Корал понимала, что это означает.

— Да, мне тоже кажется, что я вас знаю, — сухо ответила она, привычно перенося горечь разочарования: она-то имела в виду бесконечную лестницу, дверь в контору агента и молодого дружелюбного еврея, терпеливо и апатично объясняющего, что он не может ей ничего предложить, не может предложить решительно ничего.

«Да уж, мы понимаем друг друга, — думала она, — оба это сознаем и потому не находим нужных слов». Мир перемещался, изменялся, проносился мимо них. Деревья и строения появлялись и исчезали на фоне бледно-голубого облачного неба, бук сменялся вязом, вяз — елью, а ель — камнем; мир, подобный свинцу на горячей плите, пузырясь, принимал различные формы, иногда похожие на язык пламени, иногда на листок клевера. А мысли их оставались прежними, говорить было не о чем, ибо нечего было открывать друг в друге.

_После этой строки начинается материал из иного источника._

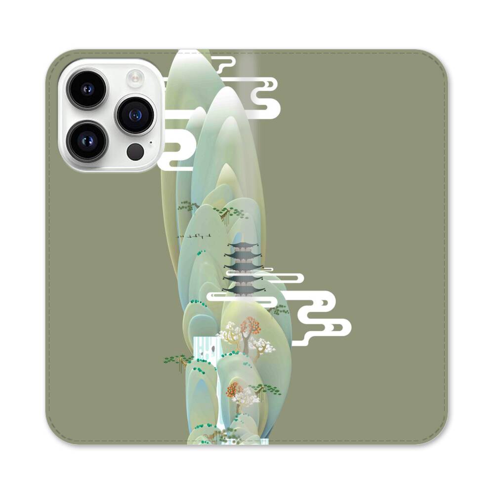Chinesische Berge Apple iPhone 14 Pro Flip Case● Seitlich klappbar

— Вам ведь в самом-то деле и не хочется, чтобы я завтракала с вами, — сказала она, пытаясь быть благоразумной, да и неловкое молчание нужно было нарушить. Но он не пожелал согласиться с ее решением.

— Хочется, — ответил он с некоторой неуверенностью в голосе, и она поняла, что ей необходимо проявить твердость: подняться, оставить его, вернуться в свой вагон, а он и сопротивляться не будет. Но в саквояже у нее были только черствые бутерброды да немного вчерашнего молока в бутылке из-под вина, а по коридору распространялся аромат свежезаваренного кофе и теплого белого хлеба.

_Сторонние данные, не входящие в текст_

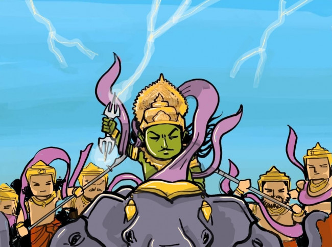 อรชุนเมื่อต้องเผชิญหน้ากับพระอินทร์ผู้เป็นบิดา ถึงกับหน้าเสีย และไม่รู้จะทำอย่างไรดี แต่ดูจากท่าทีเอาจริงเอาจังของพระอินทร์แล้ว คาดว่าจะไม่มีการอ่อนข้อให้ทั้งสองคนเป็นแน่

Мейбл Уоррен налила себе кофе, крепкого, без молока и без сахара.

— Это лучший материал, за которым я когда-либо гонялась. Я видела, как он пять лет тому назад выходил из зала суда, а Хартеп в это время наблюдал за ним с ордером на его арест в кармане. Кэмпбелл из газеты «Ньюс» тут же бросился вслед, но на улице потерял его. Домой он больше не возвращался, и с того времени по сей день о нем ничего не было слышно. Все считали, что он убит, но мне всегда было непонятно: если его намеревались убить, зачем было брать ордер на его арест.

— А вдруг он не заговорит, — без большого интереса сказала Джанет Пардоу.

Мисс Уоррен разломила булочку.

— Я еще ни разу не потерпела неудачу.

— Ты сама что-нибудь сочинишь?

— Нет. Это хорошо только для Сейвори, а не для него. Я заставлю его заговорить, — злобно сказала она. — Любым способом. Пока мы едем до Вены. У меня почти двенадцать часов. Придумаю что-нибудь. — И прибавила, размышляя: — Говорит, что он школьный учитель. Может, и правда. Хорошая получится корреспонденция. А куда он едет? Сказал, что выходит в Вене. Если так, я последую за ним. Поеду за ним в Константинополь, если потребуется. Но я этому не верю. Он едет домой.

— В тюрьму?

— На суд. Скорее всего, он доверяет тем людям. Его всегда любили в трущобах. Но он дурак, если думает, что его помнят. Пять лет. Так долго никого не помнят.

— Дорогая, как мрачно ты на все смотришь.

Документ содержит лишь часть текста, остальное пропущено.